• _Supplied information_
⁂

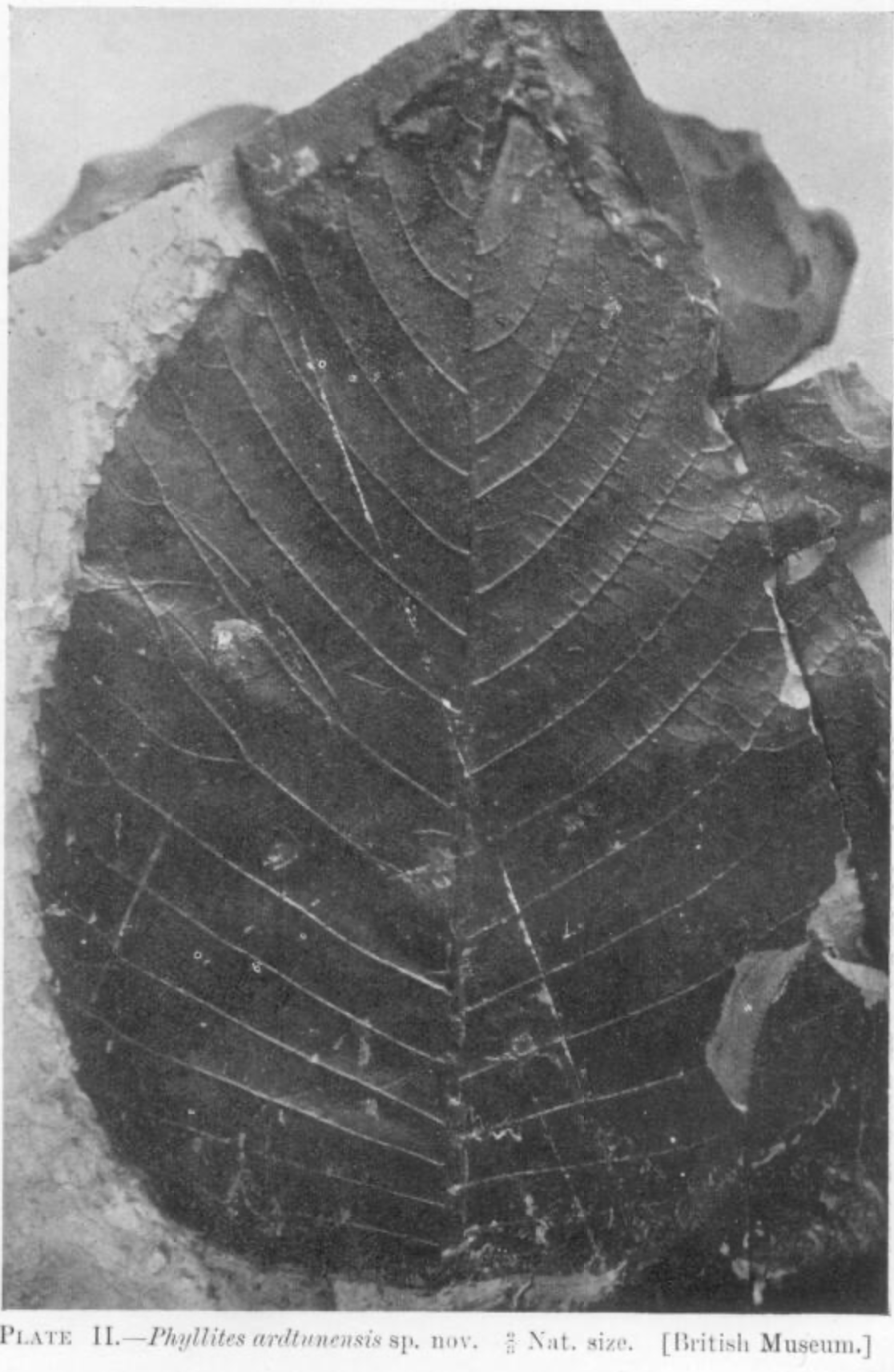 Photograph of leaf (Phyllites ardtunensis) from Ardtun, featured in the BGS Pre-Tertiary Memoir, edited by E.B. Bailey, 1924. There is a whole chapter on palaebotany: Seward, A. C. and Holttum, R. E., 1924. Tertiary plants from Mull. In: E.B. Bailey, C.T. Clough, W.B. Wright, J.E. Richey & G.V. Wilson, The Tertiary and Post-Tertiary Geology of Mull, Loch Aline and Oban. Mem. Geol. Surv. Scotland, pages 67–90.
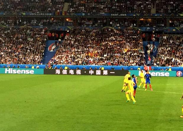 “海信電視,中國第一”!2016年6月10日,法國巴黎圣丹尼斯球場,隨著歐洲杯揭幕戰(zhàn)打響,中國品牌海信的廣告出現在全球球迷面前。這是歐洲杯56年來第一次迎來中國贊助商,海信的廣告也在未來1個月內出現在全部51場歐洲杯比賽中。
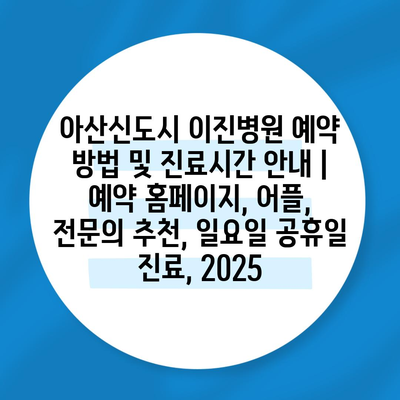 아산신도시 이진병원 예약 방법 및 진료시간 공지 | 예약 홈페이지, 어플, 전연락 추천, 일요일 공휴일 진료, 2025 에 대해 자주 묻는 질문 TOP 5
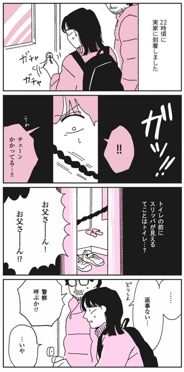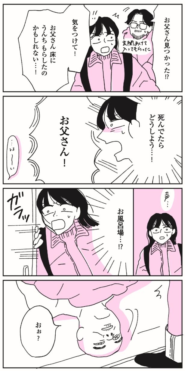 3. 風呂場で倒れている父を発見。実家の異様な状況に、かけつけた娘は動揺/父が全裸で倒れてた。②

⁂

• _The problem_
Every line above should be printed again word for word, without its pictures.

• _Exercise answer_
 Photograph of leaf (Phyllites ardtunensis) from Ardtun, featured in the BGS Pre-Tertiary Memoir, edited by E.B. Bailey, 1924. There is a whole chapter on palaebotany: Seward, A. C. and Holttum, R. E., 1924. Tertiary plants from Mull. In: E.B. Bailey, C.T. Clough, W.B. Wright, J.E. Richey & G.V. Wilson, The Tertiary and Post-Tertiary Geology of Mull, Loch Aline and Oban. Mem. Geol. Surv. Scotland, pages 67–90.
 “海信電視,中國第一”!2016年6月10日,法國巴黎圣丹尼斯球場,隨著歐洲杯揭幕戰(zhàn)打響,中國品牌海信的廣告出現在全球球迷面前。這是歐洲杯56年來第一次迎來中國贊助商,海信的廣告也在未來1個月內出現在全部51場歐洲杯比賽中。
 아산신도시 이진병원 예약 방법 및 진료시간 공지 | 예약 홈페이지, 어플, 전연락 추천, 일요일 공휴일 진료, 2025 에 대해 자주 묻는 질문 TOP 5
 3. 風呂場で倒れている父を発見。実家の異様な状況に、かけつけた娘は動揺/父が全裸で倒れてた。②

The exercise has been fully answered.